I have a series of Python tasks inside a folder of python files: file1.py, file2.py, ...

I read the Airflow docs, but I don't see how to specify the folder and filename of the python files in the DAG?

I would like to execute those python files (not the Python function through Python Operator).

Task1: Execute file1.py (with some import package)

Task2: Execute file2.py (with some other import package)

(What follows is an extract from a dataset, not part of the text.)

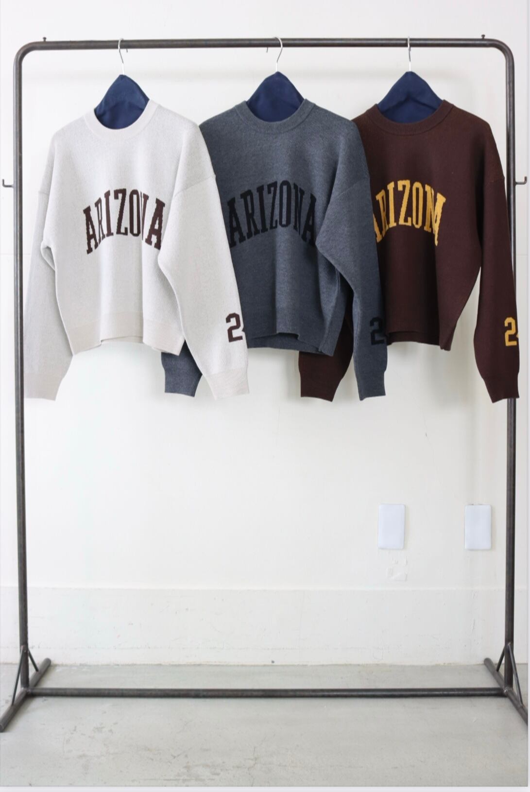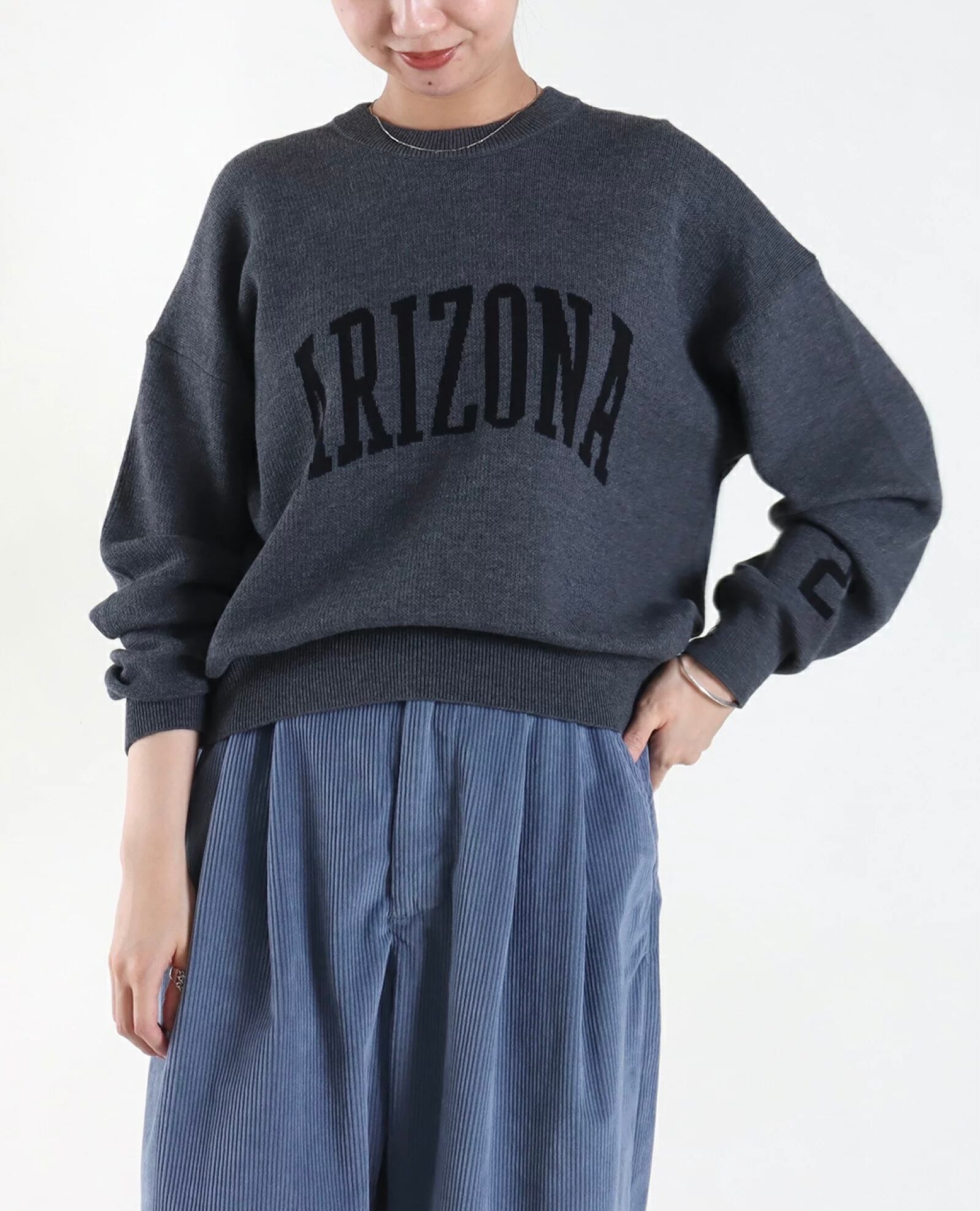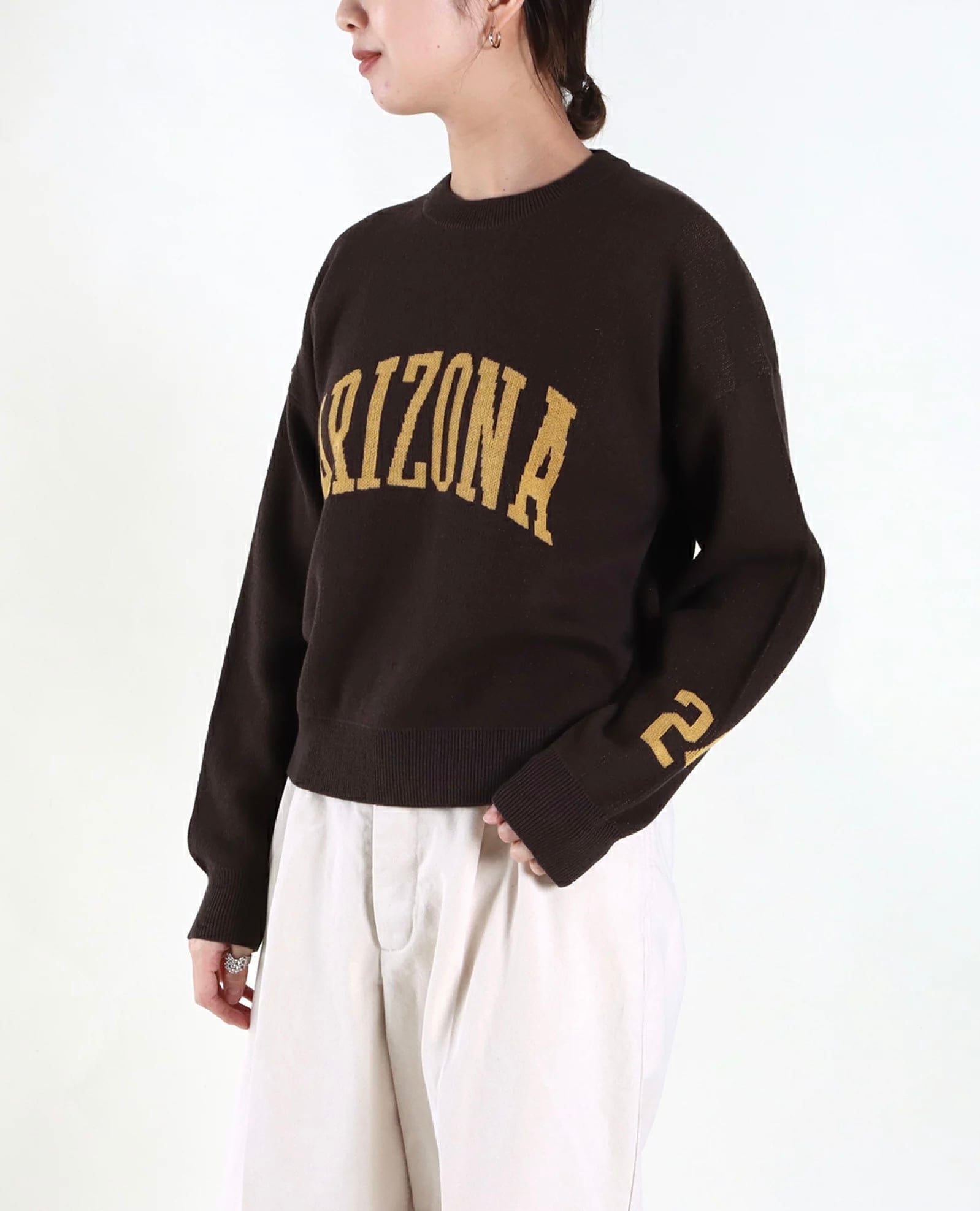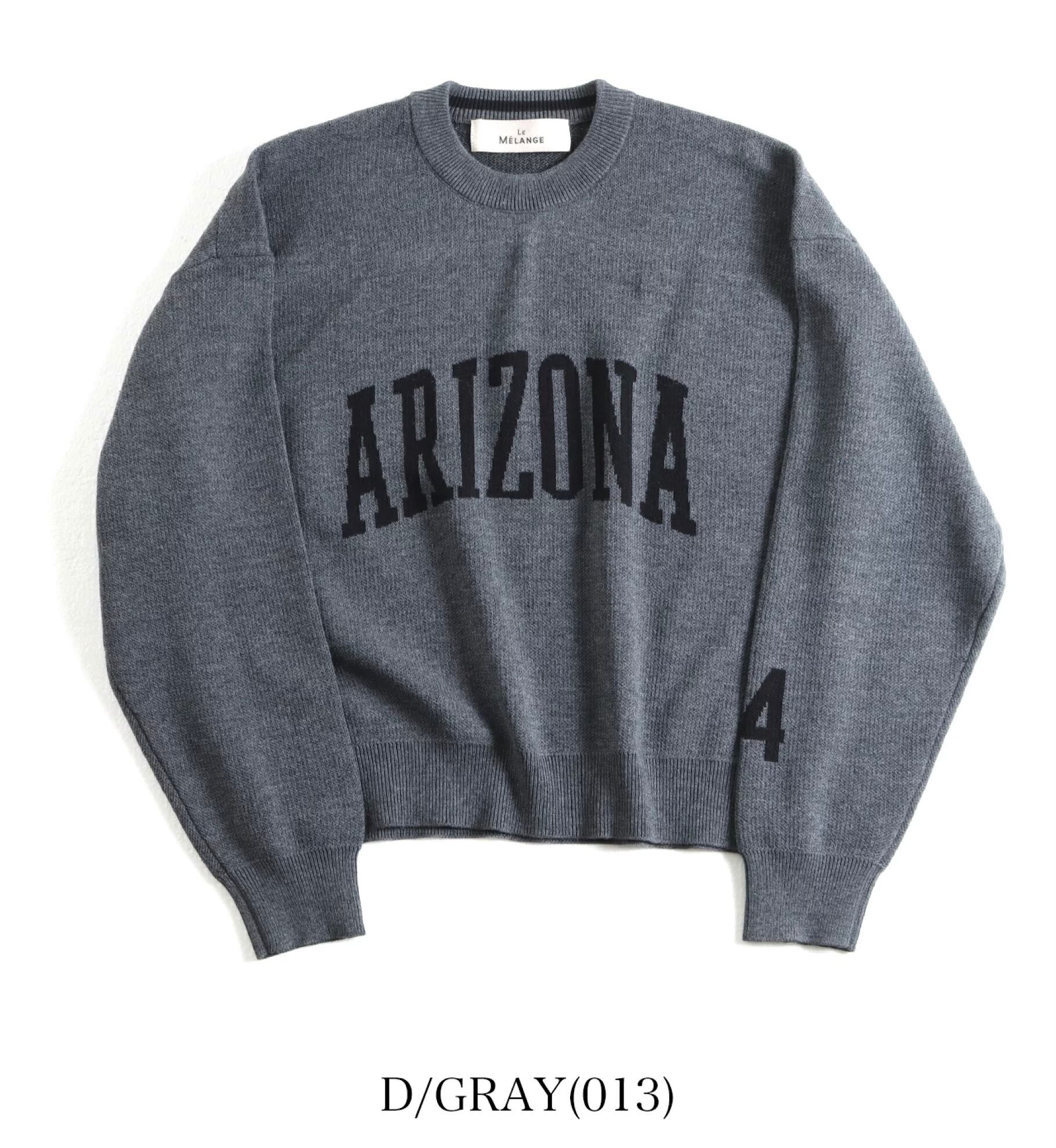 フロントにはカレッジ風のラウンドしたロゴ、左袖口にはナンバーロゴがあります

It would be helpful. Thanks, regards

Answer

Roman picture Roman · May 5, 2017

To execute the python file as a whole, using the BashOperator (As in liferacer's answer):

from airflow.operators.bash_operator import BashOperator

bash_task = BashOperator(
    task_id='bash_task',
    bash_command='python file1.py',
    dag=dag
)

Then, to do it using the PythonOperator call your main function. You should already have a __main__ block, so put what happens in there into a main function, such that your file1.py looks like so:

def main():
    """This gets executed if `python file1` gets called."""
    # my code

if __name__ == '__main__':
    main() 

Then your dag definition:

from airflow.operators.python_operator import PythonOperator

import file1

python_task = PythonOperator(
    task_id='python_task',
    python_callable=file1.main,
    dag=dag
)